Alternatively the JavaThread that needs to be handshaked is being 
scheduled but is not polling for the handshake. But I think in that the 
case you should still have the same issue with 
-XX:-ThreadLocalHandshakes because the polling mechanism is the same, 
although it's true that the misbehaving JavaThread will have more CPU 
time to complete whatever is doing while others are stopped when 
safepointing.

One thing that makes me question the scheduler theory is the fact that 
you see such improvements when only disabling biased-locking in 13.0.2 
because that was still using safepoints back then. Can you check the 
logs to see in which operations you see the pauses when running with 
default options compared to -XX:-UseBiasedLocking?

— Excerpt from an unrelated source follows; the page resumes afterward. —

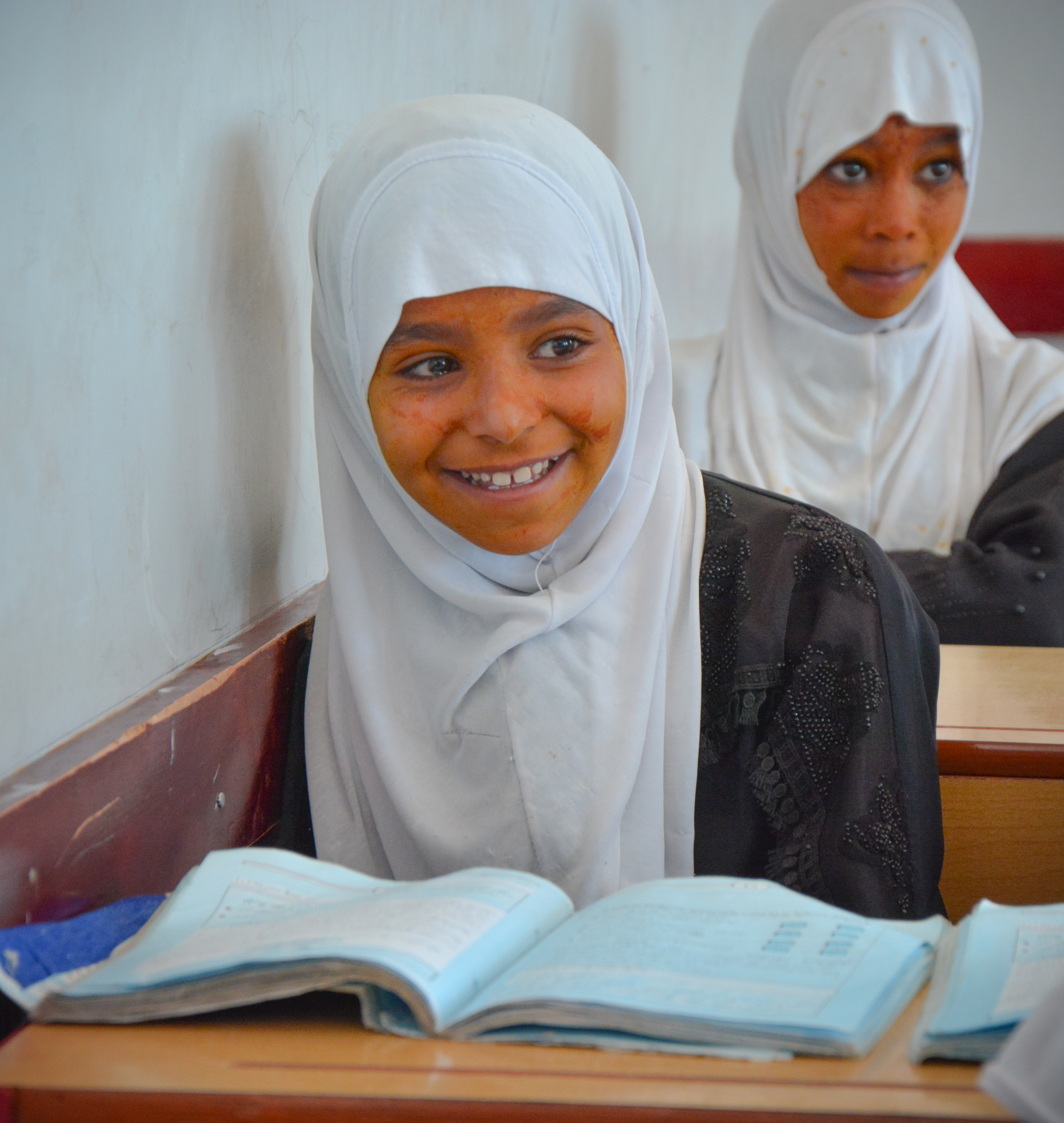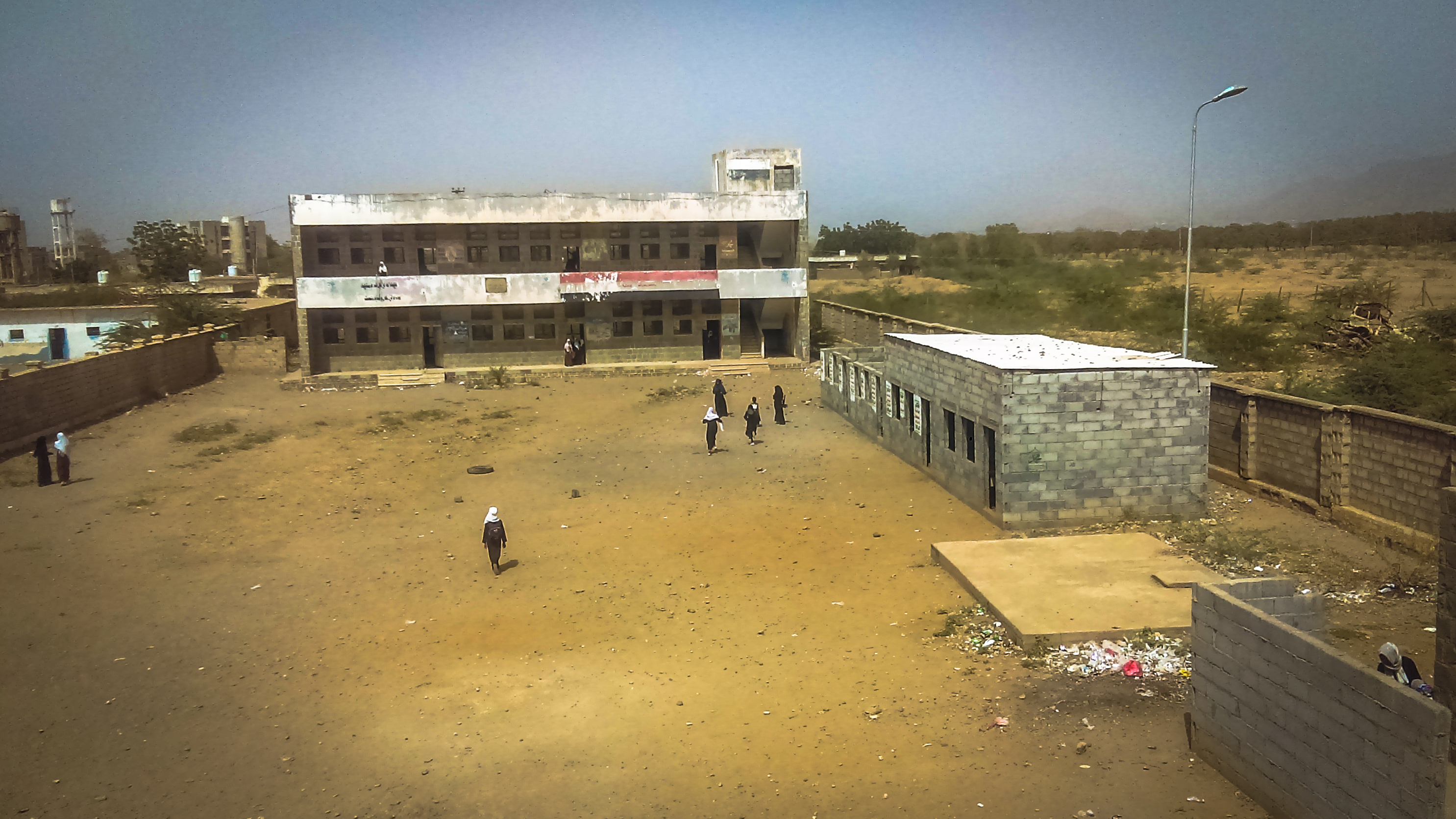 طلاب مدرسة علي بن علي يستخدمون مختبر الكمبيوتر بعد التثبيت في النظام الشمسي في مدرستهم، لحج (YEEAP 2020)
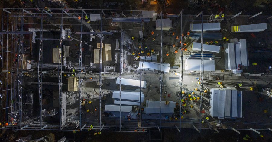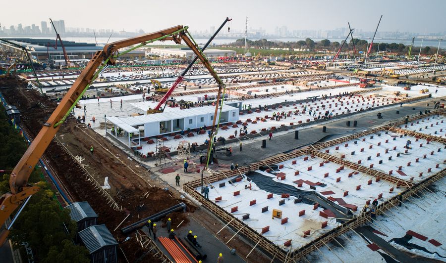 Aerial photo taken on Jan. 30, 2020 shows employees from China Construction Third Engineering Bureau Co., Ltd. working at the construction site of Huoshenshan (Fire God Mountain) Hospital in Wuhan, central China's Hubei Province. More than 4,000 workers and around 1,000 vehicles and large pieces of machinery have been toiling away at the hospital site day and night. The hospital is expected to be put into use on Feb. 3. (Xinhua/Cai Yang)

I’m also surprised you see those long logging pauses because all the 
other JavaThreads were already processed in the handshake so something 
must be executing. Maybe you can switch the logging to trace instead of 
debug. Also maybe you can add logging at Java code so you can follow 
what is actually running? You could send it to the same app.txt and 
flush every time you write to see it ordered in the log. You can also 
get the uptime you see in the UL logs with 
ManagementFactory.getRuntimeMXBean().getUptime(). That logging will 
affect timing but might give some insights.

Thanks,
Patricio
> Miklos
>
> On 4/28/20 1:02 AM, David Holmes wrote:
>> Hi Miklos,
>>
>> On 28/04/2020 7:26 am, Karakó Miklós wrote:
>>> Hello,
>>>
>>> We bumped into a possible Thread-Local Handshakes issue with 
>>> multiple apps. It seems that enabled TLH slows down applications 
>>> running on (although rare) single CPU boxes. I would be grateful if 
>>> you could confirm that this is a known trade-off for these rare 
>>> setups or a possible JVM bug. That would save us at least a few 
>>> hours of debugging.
>>>
>>> TL;DR: Both tested apps stop frequently around "HandshakeOneThread", 
>>> "HandshakeAllThreads" and "Revoked bias of currently-unlocked 
>>> object" running with OpenJDK12/OpenJDK13/OpenJDK14. OpenJDK 13 with 
>>> -XX:-ThreadLocalHandshakes fixes the issue. Adding a second CPU to 
>>> the virtual machine fixes the issue. Enabling hyper-threading fixes 
>>> the issue.
>>
>> Can you try with latest JDK 15 build, just to see if this may be 
>> something already addressed?
>>
>> Thanks,
>> David
>>
>>> More details are available at StackOverflow: 
>>> https://stackoverflow.com/questions/61375565/slow-application-frequent-jvm-hangs-with-single-cpu-setups-and-java-12 
>>>
>>>
>>> All thoughts are welcome.
>>>
>>> Best,
>>> Miklos
>>>
>